• Mon. Feb 6th, 2023



A Solar Forecast With Good News for Civilization as We Know It

The sun is beginning to perk up again.

An international panel of scientists announced on Tuesday that the sun had emerged from the quietest part of its 11-year sunspot cycle and had now entered the 25th numbered cycle. (The numbering of sunspot cycles goes back to 1755.)

The researchers predicted that the forthcoming cycle would be a pretty quiet one.

Solar scientists track the cycle through the ebb and flow in the number of sunspots, which reflects the level of ferocity in the sun’s magnetic fields. Sunspots can shoot out bursts of radiation called solar flares as well as giant eruptions of particles known as coronal mass ejections. If a giant coronal mass ejection hit Earth, it could upend modern civilization, knocking out satellites and inflicting continentwide blackouts.

Such a solar explosion in 1859, known as the Carrington event, disrupted telegraph systems. Today, the world is more electrically interconnected, and giant transformers that are part of power grids are thought to be particularly vulnerable.

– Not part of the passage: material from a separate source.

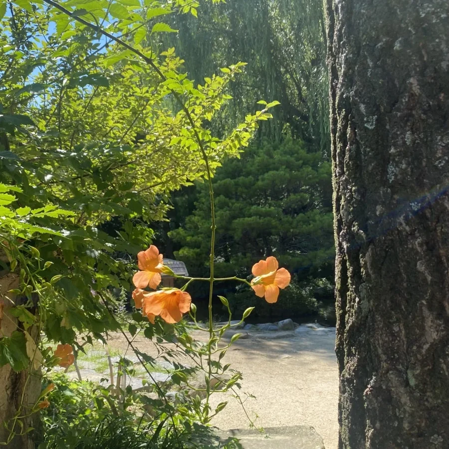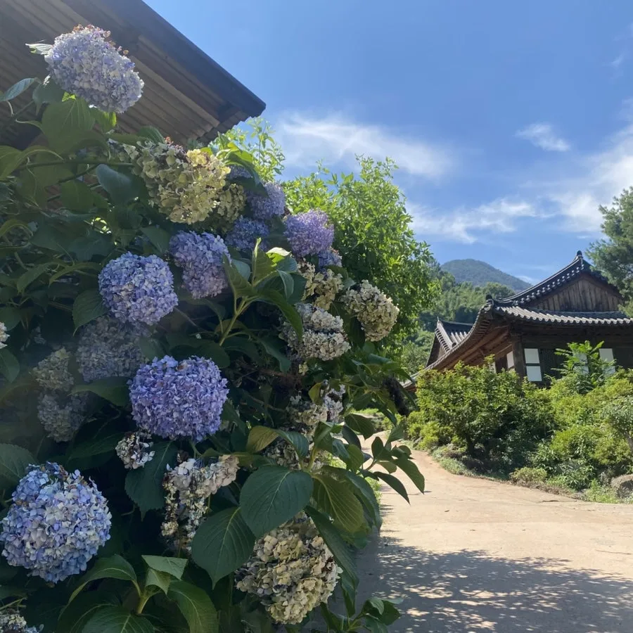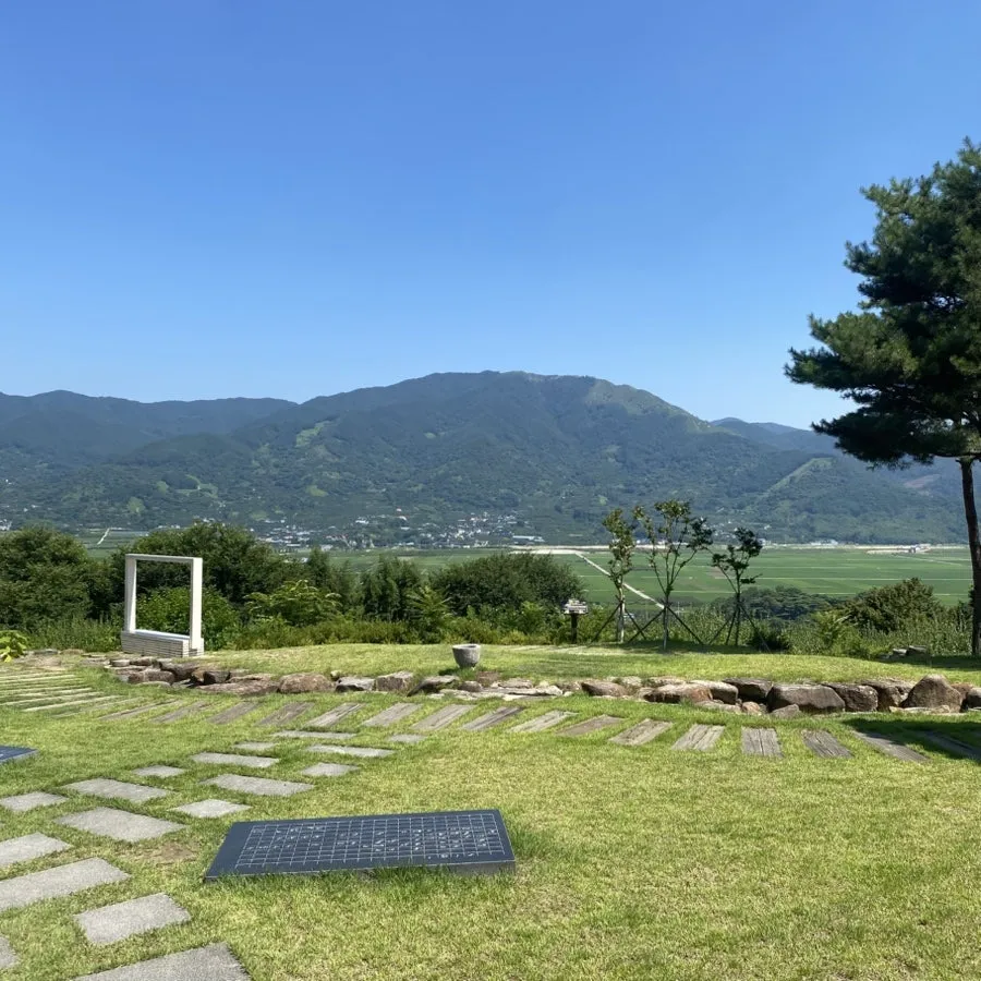 그리고 환하게 피어난 수국꽃 무리를 지나서 박경리 문학관으로 갔다. 넓은 마당에 푸릇한 잔디가 생명력이 있고, 돌로 지어진 구조물까지 고즈넉하니 분위기가 좋았다. 문학관 안으로 들어가기 전에 지리산을 보았다. 저 너머로 별당아씨와 환이가 달아났을 것이다. 참 가깝다. 지리산이 자락을 이렇게까지 뻗어 있어서 그 힘도 이어지는 것 같다. 아주 넓고 큰 산이니 박경리 문학의 힘도 여기에서 나온 것 같다. 이 터에는 산의 정기가 갈무리 되어 있는 것 같다. 편안하게 탁 트여 있어서, 넓은 논이 그대로 내려다 보였다. 최참판댁네에서 만석 논을 내려다보는 정경이 그대로 내 눈에 담겨서 감동을 주었다.

Just as economists wait months to declare the start or end of a recession, scientists delay such pronouncements for solar cycles, because they average the sunspot numbers over 13 months to avoid being fooled by short-term fluctuations in the sun’s activity. Nine months ago, in December, the sunspot cycle reached its calmest state.

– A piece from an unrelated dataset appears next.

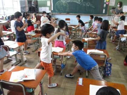 1ねんせいは こくごのじかんに 「おおきな かぶ」の おんどくげきの れんしゅうを しました。さいしょは せんせいの おんどくに あわせて みんなで うごきをつけました。かぶを ひっぱる うごきが じょうずに できていました。つぎの じかんは おんどくはっぴょうかいに むけて,グループでれんしゅうを します。

“We’ve gotten very good at modeling the evolution of the polar magnetic fields,” Dr. Upton said. “This is one of the best indicators for the amplitude of the coming cycle and was one of the main features that the prediction panel looked at.”

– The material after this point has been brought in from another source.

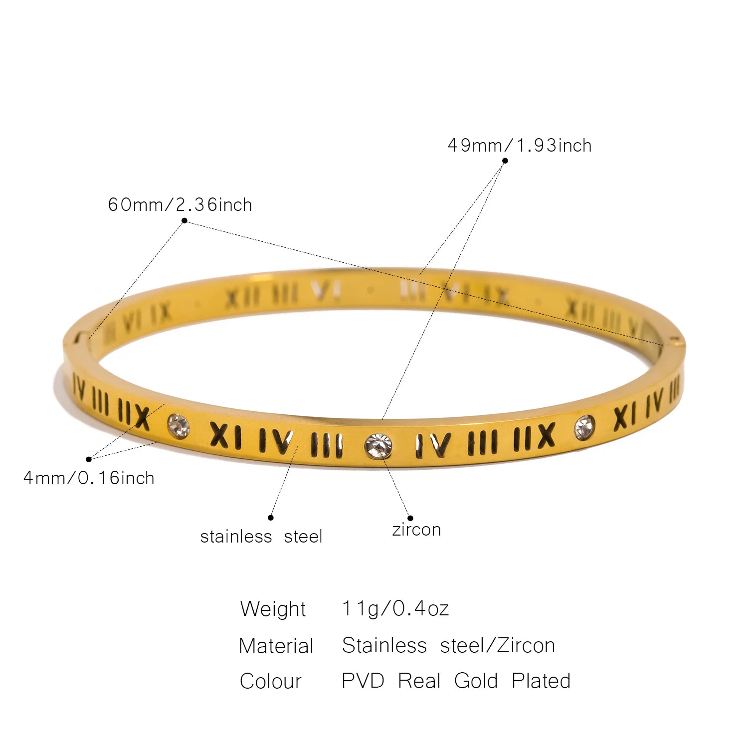 - Einzigartiges Design: Das filigrane hohle Muster, kombiniert mit glitzernden Zirkonen und eleganten römischen Ziffern, schafft ein Schmuckstück von besonderer Anziehungskraft.

She said there were other indicators that this cycle would remain quiet, including a large number of spotless days during the solar minimum. But if in the coming months the sunspot cycle ramps up faster than expected, that will be a sign that perhaps the experts underestimated the coming cycle’s intensity, she said.

Even during weaker solar cycles, the sun can unleash gigantic explosions. In 2012, an eruption rivaling the Carrington event erupted off the sun’s surface — but fortunately it was not aimed at Earth.

Still, a quieter sun increases the odds that our planet will not be struck by a solar cataclysm in the next 11 years.